BOOK: The Darkest Heart
2.75Mb size Format: txt, pdf, ePub

He saw a man who was preparing to attack us.

‘Stay where you are.' Leonardo lifted his pistol, gripping it with both hands as he pointed it at the nervous, angular man.

I put out a hand to stop him, reaching over the pistol and pushing it down, but the fisherman flinched back in surprise, lifting both hands in a natural act of self-protection. As he stepped away, though, he caught his left heel on the snout of the catfish lying dead in the bottom of the boat. He slipped backwards, his legs collapsing beneath him, the barrel of the shotgun lifting.

His weapon discharged with a loud, flat boom.

Out there in the silence of the river, it was like thunder.

Both Leonardo and I ducked behind the gunwale and there was a sound of heavy rain as the swarm of shot flew high and wide of us, peppering the treetops on the bank behind the
Deus.
We stared at each other for a fraction of a second, assessing the situation, then we both popped up, into the cloud of smoke, weapons trained on the boat.

A small group of blue macaws, startled by the commotion, had taken to the sky with harsh calls that faded as they distanced themselves from us, and then everything was mute. Even the insects were dumb.

We looked down at the man lying back in the boat, his partner white eyed and open mouthed. As soon as he recovered from the shock, he dropped the shotgun and held up both hands to show it was an accident. He hadn't meant for this to happen.

I allowed myself to breathe, lowering my pistol.

‘Sorry,' he said. ‘Sorry. I didn't mean to ... Please don't—'

Leonardo fired four times.

His first two shots struck the man with the shotgun, pushing him against the slatted seat. Holes appeared in his white T-shirt, right over his heart, and blood puffed from the wounds, soaking
into the material and spreading as his life evaporated into the scorching afternoon.

The unarmed man operating the outboard hardly even had the chance to begin to stand before Leonardo's third shot hit him in the face.

The lead caught him at an angle across the bridge of his nose, knocking his head back and to the side as it gouged through the cartilage and collapsed his right eye, shattering the bone around the socket. He screamed once in pain before Leonardo's fourth shot silenced him.

20

The gunshots didn't echo. They didn't linger or call their triumph.
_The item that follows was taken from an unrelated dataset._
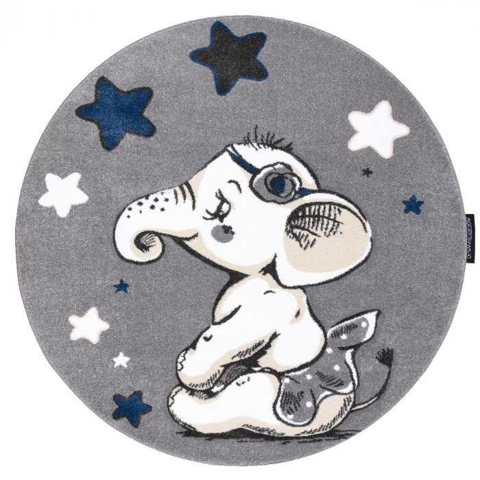 Popis Dětský kusový koberec Petit Elephant stars grey kruh - 120x120 (průměr) kruh cm

They just sank into the water, rose to the heavens and vanished into the hot air around us.

The smell of cartridge propellant hung above the gunwale in the dissipating cloud from the shotgun and the wisps of spectral smoke from Leonardo's pistol. The blue tendrils twisted in the stillness, breaking up, drifting, and becoming nothing. My ears rang with a high-pitched mosquito whine, and my head was filled with a million thoughts as I looked down into the boat where the men lay dead.

I stared in silence for what felt like a long time before I turned to Leonardo, seeing the way his eyes grew wide and then narrowed again, his pupils dilated, his Adam's apple rising and falling in his throat.
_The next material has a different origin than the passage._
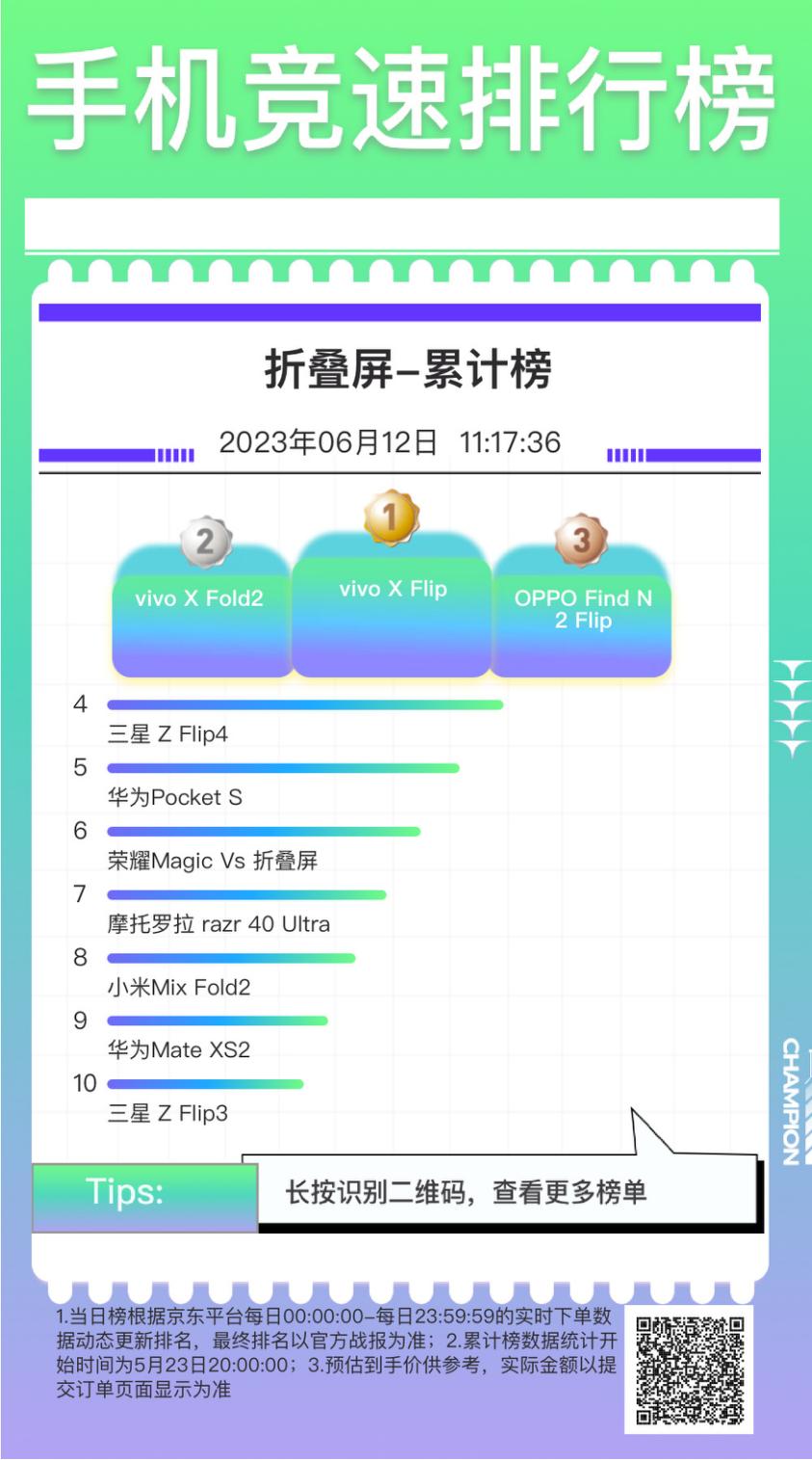 另一个优势是在折叠屏。虽然今年二季度折叠屏手机出货量同比和环比均在下滑,仅为193万部。但根据京东数据,这次618折叠屏手机销量同比增长三倍。在这个苹果不曾踏足领域,国产玩家们的优势正在逐渐稳固。vo两家包揽了前二,三星仅排第十。

His mouth opened a touch, the tip of his tongue snaking out to wet his lips then darting back in again, and I knew that he had enjoyed the killing.
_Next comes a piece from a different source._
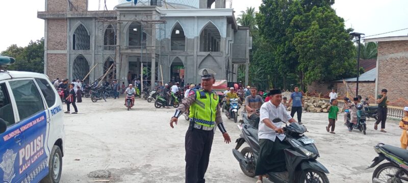BATU BARA – Personil Sat Lantas Polres Batu Bara melaksanakan pengaturan arus lalulintas disejumlah mesjid seperti, Mesjid Al Munawarah Siparepare, Mesjid Jamiq Lima Puluh, dan Mesjid Istiqqomah Sei Balai, Batu Bara, Sumatera Utara, Jumat (31/10) Pukul.12.40 Wib.

The moment had given him a feeling of power and I could see in him the surge of the thrill, the rush of pointing and squeezing. For him, there had been a moment of joy in taking those lives – ending them in a twitch of time so brief it was impossible to measure.

I had seen people before who enjoyed it the way Leonardo did; people who took more from it than just a feeling of power.

Taking a deep breath sucked the gunsmoke into my nostrils, and I tasted it in the back of my throat. ‘He slipped,' I said. ‘That's all. He slipped. He slipped and you killed them.'

Raul remained behind the wheel, waiting for the next move. I willed him without words to hold onto Rocky and keep his hands away from the revolver tucked under the dash. I didn't want this to escalate. No more blood needed to be spilled here.

‘What the hell did you do that for?' I was controlling my anger. There was nothing I could do now.

‘He nearly killed us.' Leonardo's dry mouth clicked. ‘Nearly blew our damn heads off.'

‘He slipped,' I said again. ‘It was an accident.'

Beside us, the door to the covered section scraped open. The squeal of the rusted hinge was like a scream in the calm. Shrill and sharp.

‘What happened?' Daniella's words were tentative and softly spoken.

I held out my left hand, fingers spread wide, signalling for her to stay where she was. ‘You didn't need to do that,' I said to Leonardo.

He sniffed, turning his head to look at me. His hands were still raised, the automatic still pointed at the boat on the water below us.

‘There was no reason to kill them.' I spoke through my teeth, desperate to stay calm. My fingers were tight around the handle of my pistol.

‘Kill who?' Daniella asked. ‘What—'

‘What's done is done.' Leonardo snorted hard and turned towards me. He lowered his weapon, but both hands still gripped it, ready to raise it again in a heartbeat. ‘We going to have a problem about this?' he asked, not taking his eyes from mine.

‘You're a liability,' I said. ‘Those men ... You didn't need to do that.' I glanced down at his pistol then looked back at his eyes once more. His pupils were still dilated and he had a crazed appearance. Something about Leonardo felt even more dangerous and unpredictable than before. It wasn't just that he had shot the men in the boat, it was something else. His movements were more exaggerated; his words were spoken more quickly.

Beside us, Daniella shifted, as if to come and look, but her
movement alarmed Leonardo and he jerked in her direction, the pistol raising.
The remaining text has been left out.